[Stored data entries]
=== Section Start ===
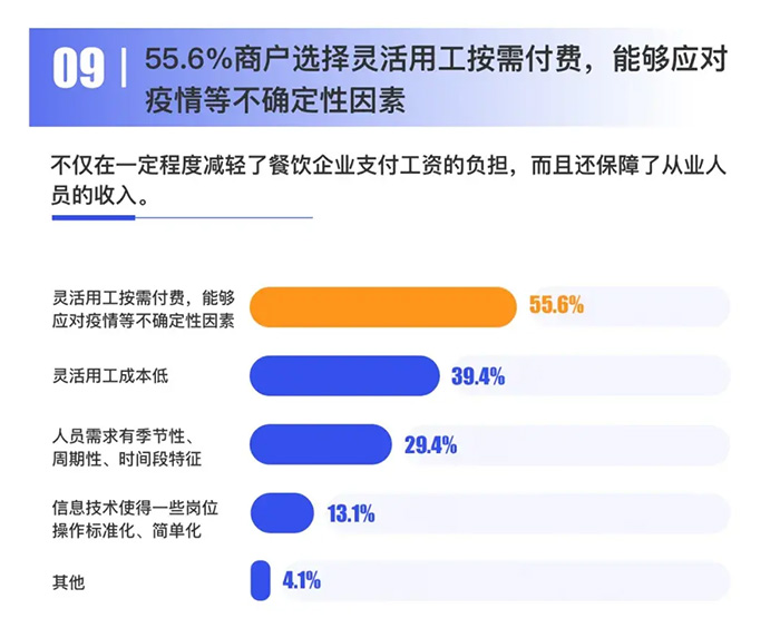 報告顯示:隨著消費復蘇,41.0%的商戶計劃在疫情后增加靈活就業崗位。互聯網平臺助推靈活就業發展,促進了靈活就業人員與崗位的技能、時間、空間、價格的信息匹配;此外,平臺推動了供、需雙方的數字化生態建設,創造了更多新就業形態和靈活就業崗位。 趨勢九:55.6%商戶選擇靈活用工按需付費,能夠應對疫情等不確定性因素
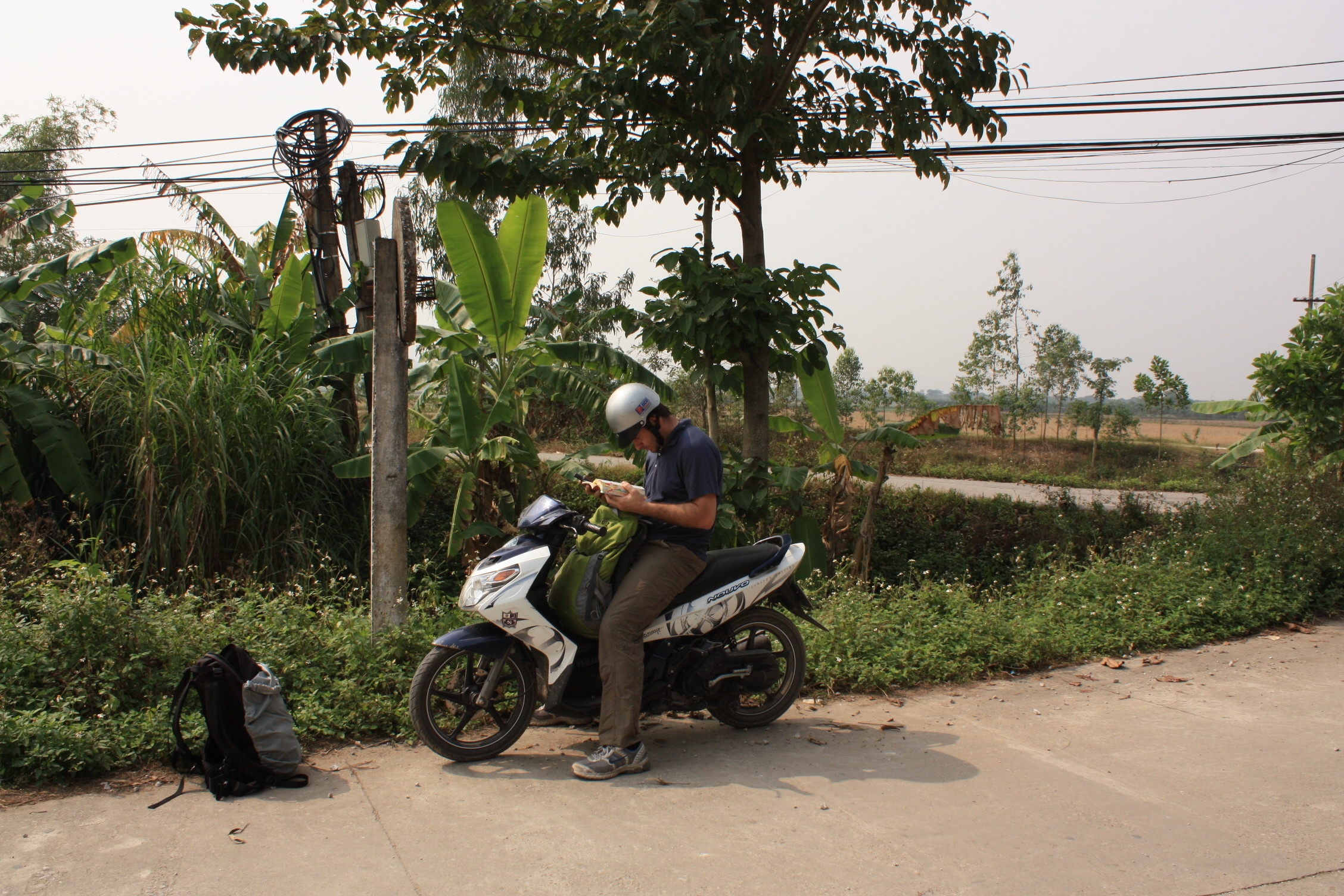 Le lendemain, nous choisissons donc de louer un scooter plutôt que des vélos, et nous démarrons la journée par la visite de Hoa Lu, qui fut la capitale du Tonkin pendant une quarantaine d’années, aux alentours de l’an 1000. A cette époque s’élevait une citadelle, mais il n’en reste plus rien. Seuls 2 temples sont toujours présents, ainsi qu’une petite pagode. Nous visitons donc assez rapidement ce site puis nous décidons de nous rendre au village flottant de Kênh Gà, à une dizaine de km au nord. Malheureusement, nous ne trouverons jamais ce village, dont la particularité des ses habitants est qu’ils utilisent leurs pieds plutôt que leurs mains pour ramer! A la place de visiter ce village, nous nous perdons donc dans la campagne, cheveux au vent et poussière dans la figure, au milieu des rizières et cela ne gâche en rien la journée!
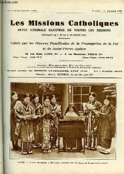 Bureaux des Missions Catholiques. 1 février 1932. In-12. Broché. Bon état, Couv. convenable, Dos satisfaisant, Intérieur frais. Paginé de 49 à 76. Texte en colonnes. Quelques illustrations en noir et blanc dans et hors texte.. . . . Classification Dewey : 234-La foi
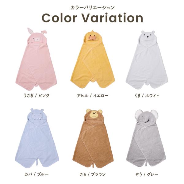 クマ、カバ、ウサギ、アヒル、ゾウ、サル…フードをかぶれば、アニマルに大変身!「かわいい!」と自ら着用してくれるからお着替えタイムがもっと楽しくなります。
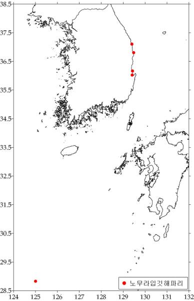 ○ 노무라입깃해파리(강독성) - 경북 연근해 등 5곳 출현 ‧ 경북 포항시 영일만/흥해, 울진원자력발전소 /오천항 연안 출현 ‧ 동중국해 밀집출현 - 수온: 평균 17.40℃(범위: 12.32 ~ 24.91℃) - 출현률: 6/11(0.73%) → 6/18(3.7%)
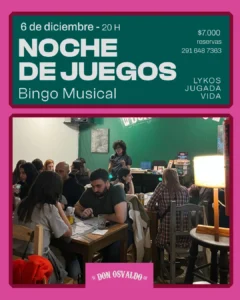 La barra de juegos de Lykos sigue girando por el Don Osvaldo. Arrancamos a la tardecita y te podes quedar a cenar en el bar.
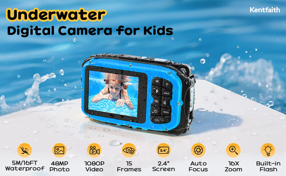 - * 【Auto-Focus & 16X Zoom | 15 Fun Frames & 6 Creative Filters】Capture every splash and smile with the Kentfaith kids’ digital camera! One-button auto-focus and up to 16X digital zoom make it easy for kids to snap sharp close-ups of sea creatures, friends, or distant fun. With 15 playful photo frames and 6 vibrant filters, your little photographer can add creativity to every shot.
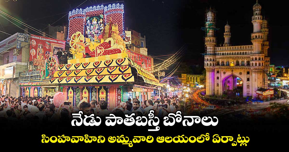 హైదరాబాద్, వెలుగు: పాత బస్తీ బోనాలు ఆదివారం జరగనున్నాయి. లాల్ దర్వాజ సింహవాహిని మహంకాళి అమ్మవారి ఆలయం ఇందుకోసం ముస్తాబైంది. బోనాలు సమర్పించేందుకు పెద్ద ఎత్తున భక్తులు తరలివచ్చే అవకాశం ఉండటంతో భారీగా ఏర్పాట్లు చేశారు. ప్రత్యేకంగా క్యూలైన్లు పెట్టారు. తెల్లవారుజామున అమ్మవారికి బలిహరణం, దేవీ అభిషేకం తర్వాత బోనాలు సమర్పించనున్నారు. బోనాల ఉత్సవాల్లో భాగంగా సిటీలోని ఆలయాలను ప్రత్యేకంగా అలంకరించారు. ఆలయాలన్నీ విద్యుత్ కాంతుల్లో మెరిసిపోతున్నాయి. అన్ని ప్రధాన ఆలయాల్లో అమ్మవార్లకు ప్రభుత్వం తరపున పట్టు వస్త్రాలను అందజేయనున్నారు. పాతబస్తీలోని సింహవాహిని మహంకాళి అమ్మవారు
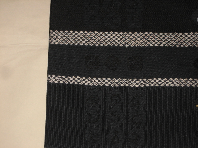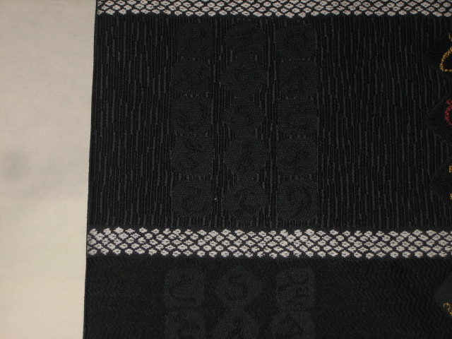 (6通柄)暗紺地。柄はたれ~太鼓~前腹部の6通柄(柄の右半分が前腹のがらになります)西陣産地証明証紙(絹100%)0829
=== Section End ===
*Task details*
Copy only the lines above from the one containing "クマ、カバ、ウサギ、アヒル、" through the one containing "- * 【Auto-Focus", both included. Leave out the pictures.

*Answer space*
 クマ、カバ、ウサギ、アヒル、ゾウ、サル…フードをかぶれば、アニマルに大変身!「かわいい!」と自ら着用してくれるからお着替えタイムがもっと楽しくなります。
 ○ 노무라입깃해파리(강독성) - 경북 연근해 등 5곳 출현 ‧ 경북 포항시 영일만/흥해, 울진원자력발전소 /오천항 연안 출현 ‧ 동중국해 밀집출현 - 수온: 평균 17.40℃(범위: 12.32 ~ 24.91℃) - 출현률: 6/11(0.73%) → 6/18(3.7%)
 La barra de juegos de Lykos sigue girando por el Don Osvaldo. Arrancamos a la tardecita y te podes quedar a cenar en el bar.
 - * 【Auto-Focus & 16X Zoom | 15 Fun Frames & 6 Creative Filters】Capture every splash and smile with the Kentfaith kids’ digital camera! One-button auto-focus and up to 16X digital zoom make it easy for kids to snap sharp close-ups of sea creatures, friends, or distant fun. With 15 playful photo frames and 6 vibrant filters, your little photographer can add creativity to every shot.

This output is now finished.